Many things surprise me about Bixi, to be totally honest.
I love the concept, and I’ve been watching all the baby steps of bringing Bixi to Ottawa for a couple of years now. My friends have been getting used to the fact that when we’re downtown, I literally do wave at the Bixi stations, enthusiastically. (Yes. I wave at the bikes. Don’t judge.) I point them out to my friends when people ride by on the distinctive, leggy, solid, red-and-white creatures. Look, I tell them, those are Bixi bikes! I climbed on one – just to feel what it sits like – as it stood in the rack the other day. They’re tall. Stately. If my bike, Mike, is a quarter horse, these things are Tennessee Walkers.
But there really are things that surprise me about Bixi. The mere fact of its existence kind of surprises. As someone who has a bike, I keep thinking, well, if you wanted a bike, wouldn’t you just go get hold of one? As I’ve said before on my blog, bikes are a bit like cats: you could go out and buy one, yeah, you could do that, but a large number of the people I know inherited their cats, or took them in when someone moved, or found them wandering around lost, or knew someone who had kittens and really needed to find homes for them. (Or maybe it’s just me: that’s certainly a parallel of how I got Mike and started cycling.)
So it took a while for me to get my head around a program that lets you borrow a bike to get across town, because I’ve already got one, and because I’m usually going further than just across the downtown core, and because bikes are cheap and plentiful. I know, I know. Bixi is for those who don’t normally ride. Or those who would, but live out of town and don’t have their bikes with them. It’s certainly faster and more convenient than the bus, for short trips around the downtown core at least: you still wouldn’t take a Bixi to get, say, to Britannia Beach from downtown. But I guess I didn’t expect non-riders to embrace it quite as much as they have.
But they clearly have. I was surprised on Race Weekend, while stopped at Colonel By to try and cross the stream of marathoners, to see another little flock of Bixis rolling over Pretoria Bridge- three or four of them. It was a chilly, damp, grey Sunday morning. It was raining, for Pete’s sake. And this group of people were out on Bixis.
I also, not that surprisingly, watch people riding along the sidewalk on them. Riding down the pedestrian zone of Sparks Street right past the ‘walk your bike’ signs. And all of that. But really, I just shake my head and remember that they might not be accustomed to riding, in which case I might actually prefer to have them on the sidewalk than on the street and spooked. We want this to be pleasant for people, right? Plus, having a bunch of people wobbling around on Bixis is a bit like Bike to Work Week – a good cause, for which you pay with a lot of novice/occasional riders out on the streets.And every novice rider is a potential future bike commuter.

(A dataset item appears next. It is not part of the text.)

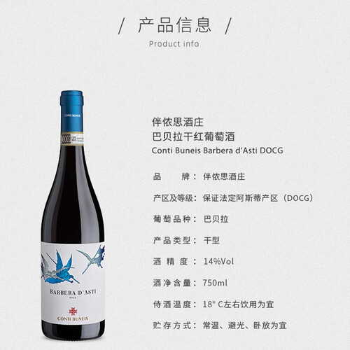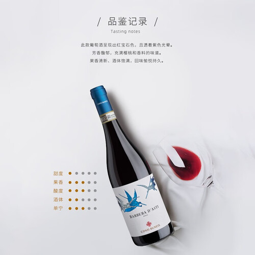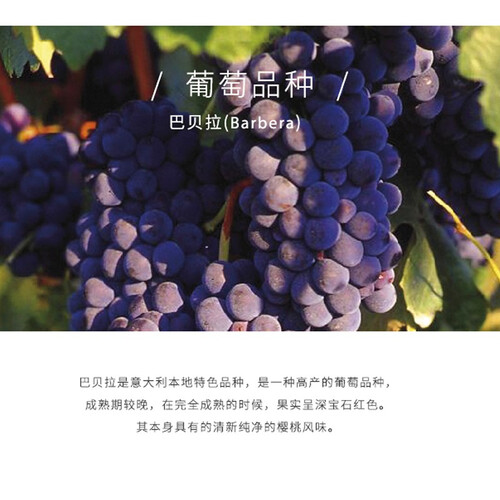 精选巴贝拉葡萄酿造,葡萄香味比较浓郁,酝酿出来的葡萄酒更加芳香。传统方式发酵,更能保留住葡萄原有口感,品质更佳。

Other things that surprise me about Bixi: the activity at the stations. I saw, yesterday, a fascinating animation showing usage at the stations over time. I was amazed at how much use the bikes are getting, and at where the heavy-use stations are. (The two stations in the Market, in particular, which ran out of bikes a couple of times during the span of the animation.) Watching the animation was like getting a little insight into the rhythm of the city: where people are, and where they move to, through the day.

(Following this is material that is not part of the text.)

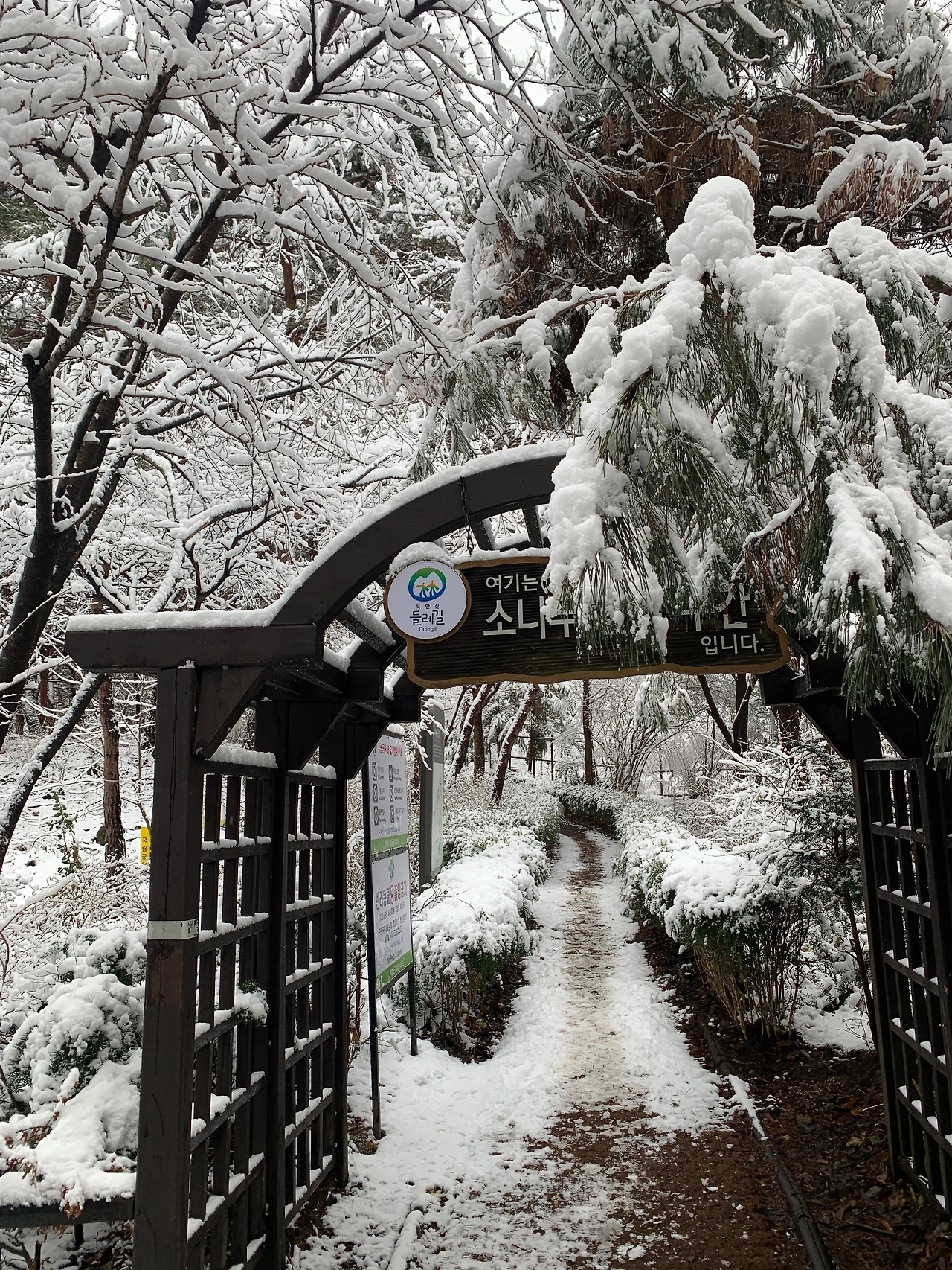 북한산 둘레길 1코스 안내판이 있는 관문으로 들어서니 눈밭이 시작됐다. 키가 큰 소나무에 눈이 수북하게 쌓여있었다. 아무도 없길래 조금 크게 감탄을 했다.

Which then gets me to the other really surprising thing about Bixi. Today, someone posted a picture on Twitter of a truck loading up bikes from one station in Toronto to balance out the bikes at another, and I realized the scale of the infrastructure Bixi must have to have. Somehow I thought most of the obstacles to running something like Bixi would be initial materials – the bikes, the racks, the computerized locks and booking system – and then it would be a matter of someone, or a few someones, maintaining the memberships, tracking credit card transactions, and following up on damage or loss of bikes, that kind of thing. I hadn’t thought that they would also need someone to track usage in real time in order to move bikes around. But because you don’t have to return the bikes to the same station, well, of course they run into ebb and flow of numbers, and have to shuffle bikes around town. Constantly. Amazing. I don’t know if they have trucks like that in operation here in Ottawa, but judging from that animation, if they don’t, they’ll soon need to.
At least, I can hope. I wouldn’t mind having more stations to wave at as I go by.